* What is being asked
Once the pictures are set aside, transcribe each line of the listing exactly.

* Provided data
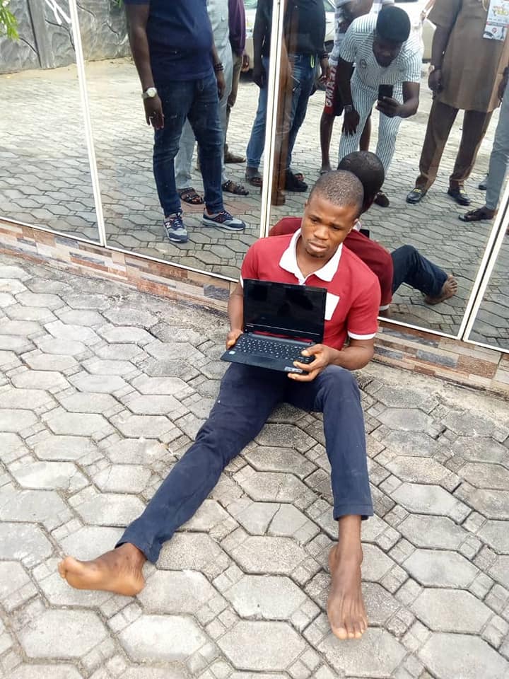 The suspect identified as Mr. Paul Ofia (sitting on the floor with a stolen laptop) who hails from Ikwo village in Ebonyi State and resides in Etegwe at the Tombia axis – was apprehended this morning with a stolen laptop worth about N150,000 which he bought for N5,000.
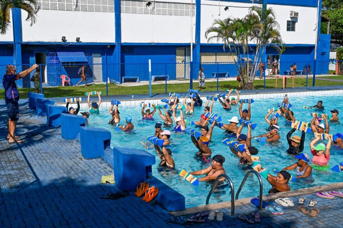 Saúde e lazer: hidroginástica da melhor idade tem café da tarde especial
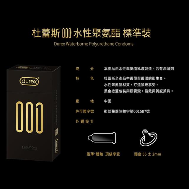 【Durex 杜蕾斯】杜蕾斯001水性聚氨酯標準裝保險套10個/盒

* Solved problem
 The suspect identified as Mr. Paul Ofia (sitting on the floor with a stolen laptop) who hails from Ikwo village in Ebonyi State and resides in Etegwe at the Tombia axis – was apprehended this morning with a stolen laptop worth about N150,000 which he bought for N5,000.
 Saúde e lazer: hidroginástica da melhor idade tem café da tarde especial
 【Durex 杜蕾斯】杜蕾斯001水性聚氨酯標準裝保險套10個/盒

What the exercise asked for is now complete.